Despite genetic evidence establishing angiopoietin-1 (Ang-1) as an essential regulator of vascular development, the molecular mechanisms underlying Ang-1 function are almost completely uncharacterized. This study demonstrates that Ang-1, via Akt activation, is a potent inhibitor of the forkhead transcription factor FKHR (FOXO1), identifying a nuclear signaling pathway through which Ang-1 modulates gene expression. Microarray analysis was used to show that FKHR, whose function in endothelial cells has not previously been elucidated, regulates many genes associated with vascular destabilization and remodeling (including angiopoietin-2, an Ang-1 antagonist) and endothelial cell apoptosis (e.g., survivin, TRAIL). Ang-1 inhibits FKHR-mediated changes in gene expression and FKHR-induced apoptosis. Analysis of gene expression changes induced by an activated version of Akt confirms that FKHR is a major target through which Akt regulates transcription in endothelial cells. RNA interference was used to demonstrate that FKHR is required for the expression of genes (including Ang-2) that have important vascular functions. These data suggest a novel, tissue-specific role for the Akt/FKHR pathway in the vasculature and suggest a mechanistic basis for the previously described actions of Ang-1 as a regulator of endothelial cell survival and blood vessel stability (Daly, 2004).

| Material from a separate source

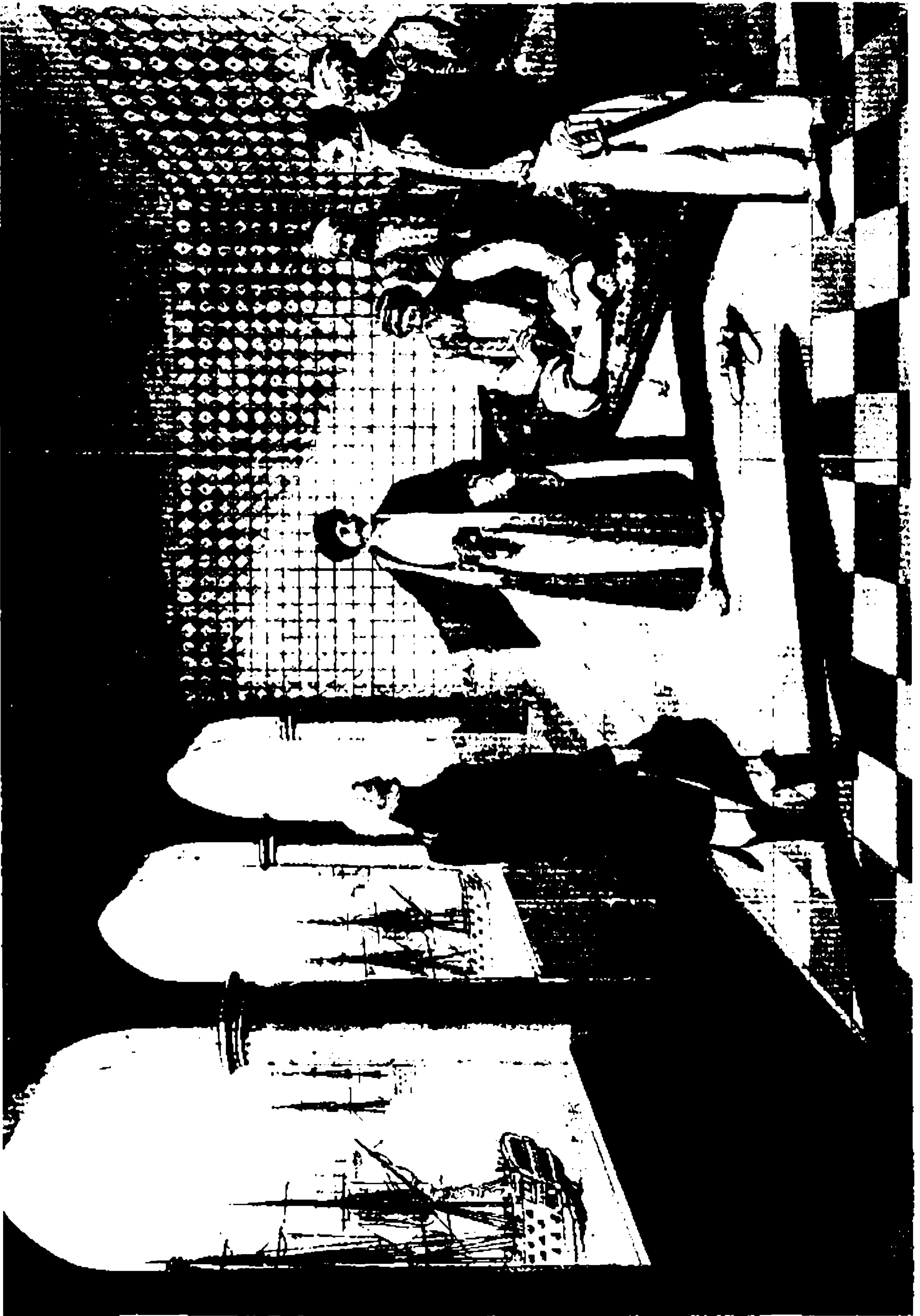
عمر باشا يتفاوض مع رؤساء البحر الانكليز

AFX is a Forkhead transcription factor that induces a G(1) cell cycle arrest via upregulation of the cell cycle inhibitor p27(Kip1). Protein kinase B (PKB) phosphorylates AFX causing inhibition of AFX by nuclear exclusion. In addition, Ras, through the activation of the RalGEF-Ral pathway, induces phosphorylation of AFX. The Ras-Ral pathway provokes phosphorylation of threonines 447 and 451 in the C terminus of AFX. A mutant protein in which both threonines are substituted for alanines (T447A/T451A) still responds to PKB-regulated nuclear-cytoplasmic shuttling, but transcriptional activity and consequent G(1) cell cycle arrest are greatly impaired. Furthermore, inhibition of the Ral signaling pathway abolishes both AFX-mediated transcription and regulation of p27(Kip1), while activation of Ral augments AFX activity. From these results it is concluded that Ral-mediated phosphorylation of threonines 447 and 451 is required for proper activity of AFX-WT. Interestingly, the T447A/T451A mutation did not affect the induction of transcription and G(1) cell cycle arrest by the PKB-insensitive AFX-A3 mutant, suggesting that Ral-mediated phosphorylation plays a role in the regulation of AFX by PKB (De Ruiter, 2001).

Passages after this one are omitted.